住職レター H30年11月号

 秋が深まってくるにつれ、目を楽しませてくれていた紅葉も、落葉の季節になってまいりました。特にコンクリートや砂利の上の落ち葉は、掃いたそばから、また落ちる…といった具合で、掃除をした翌日にはまた同じ状態になっています。
 しかし、落ち葉を掃くことは、自分の心を掃き浄めることに通じるため、寺では修行の一つと言われます。
 また、こんな話も伝えられています。
 (お釈迦様の弟子のシュリハンドクは、もの覚えが悪く、そのことを悲観してお釈迦様にどうしたら良いか?尋ねました。お釈迦様は一言「掃除をしなさい」と教えられました。その言葉通り、ひたすら庭掃除に励んでいると、ある時、シュリハンドクは庭掃除が、自分の心の掃除に通じることを悟ることができました。)
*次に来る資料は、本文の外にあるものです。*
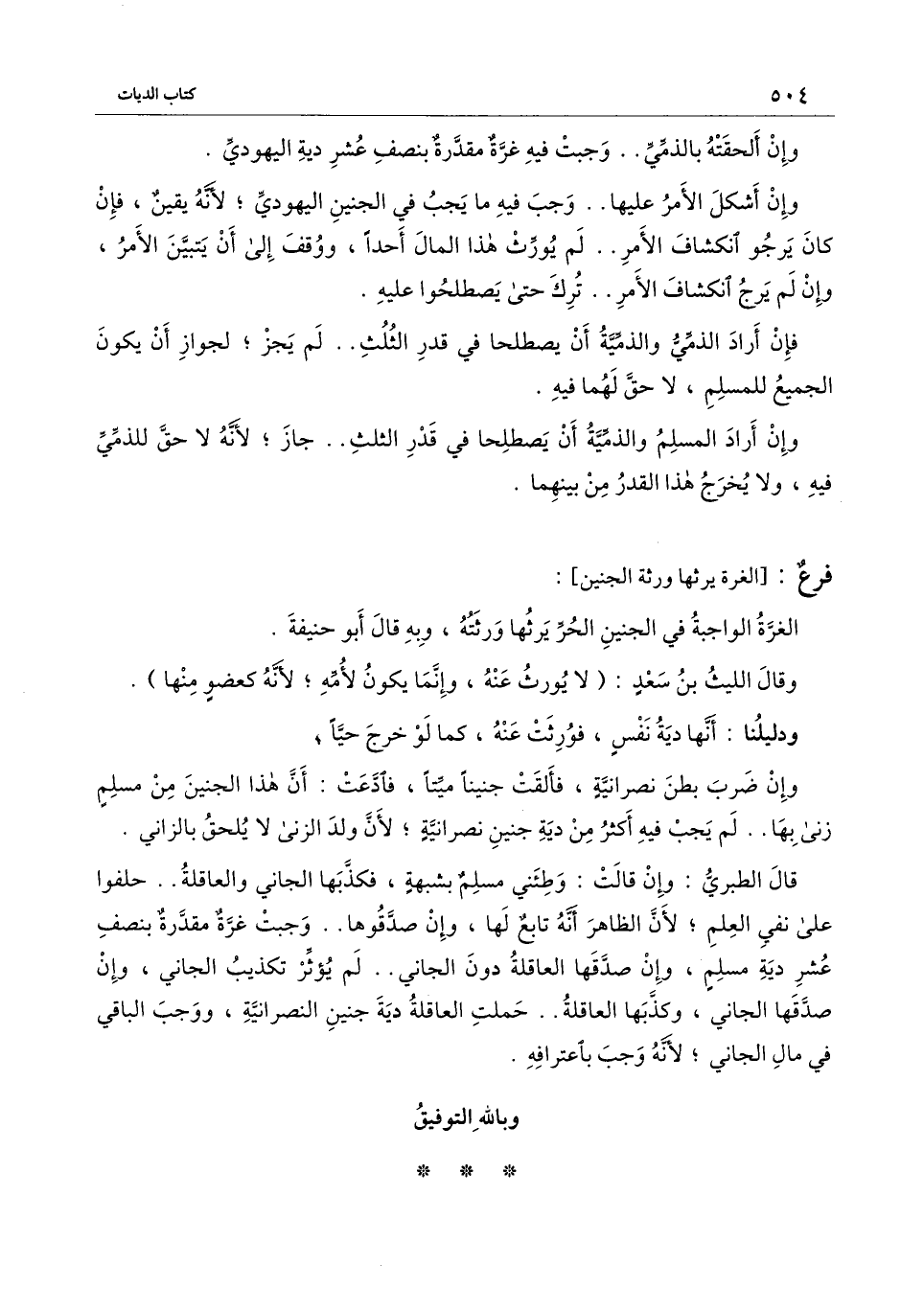 قال الطبري: وإن قالت: وطئني مسلم بشبهة، فكذبها الجاني والعاقلة.. حلفوا على نفي العلم؛ لأن الظاهر أنه تابع لها، وإن صدقوها.. وجبت غرة مقدرة بنصف عشر دية مسلم، وإن صدقها العاقلة دون الجاني.. لم يؤثر تكذيب الجاني، وإن صدقها الجاني وكذبها العاقلة.. حملت العاقلة دية جنين النصرانية، ووجب الباقي في مال الجاني؛ لأنه وجب باعترافه.

 とは言え、やはりきりのない落ち葉掃除です。ブロワーを使ったり、竹ぼうきとテミ、熊手などのアナログなもので集めたり、日々苦戦しては、これといって特効薬も見つからないまま冬を迎えるのが常です。
 お寺のある倉敷市では、野焼きは禁止されていますので、集めた落ち葉は軽トラックで、市の焼却場に運んでいます。
 「野外焼却」とは適正な焼却設備を用いずに廃棄物を焼却する行為で、地面に穴を掘って焼却したり、ドラム缶で焼却するのはダメだそうですが、例外として除かれているものの中に「たき火その他日常生活を営む上で通常行われる廃棄物の焼却であって軽微なもの」という項目があるので、あくまで自己判断ですが、ほんの少しの落ち葉焚きは大丈夫だろうと思っています。畑で収穫したサツマイモで時々は焼き芋を楽しむのが、落ち葉掃除の苦労の中の小さな楽しみです。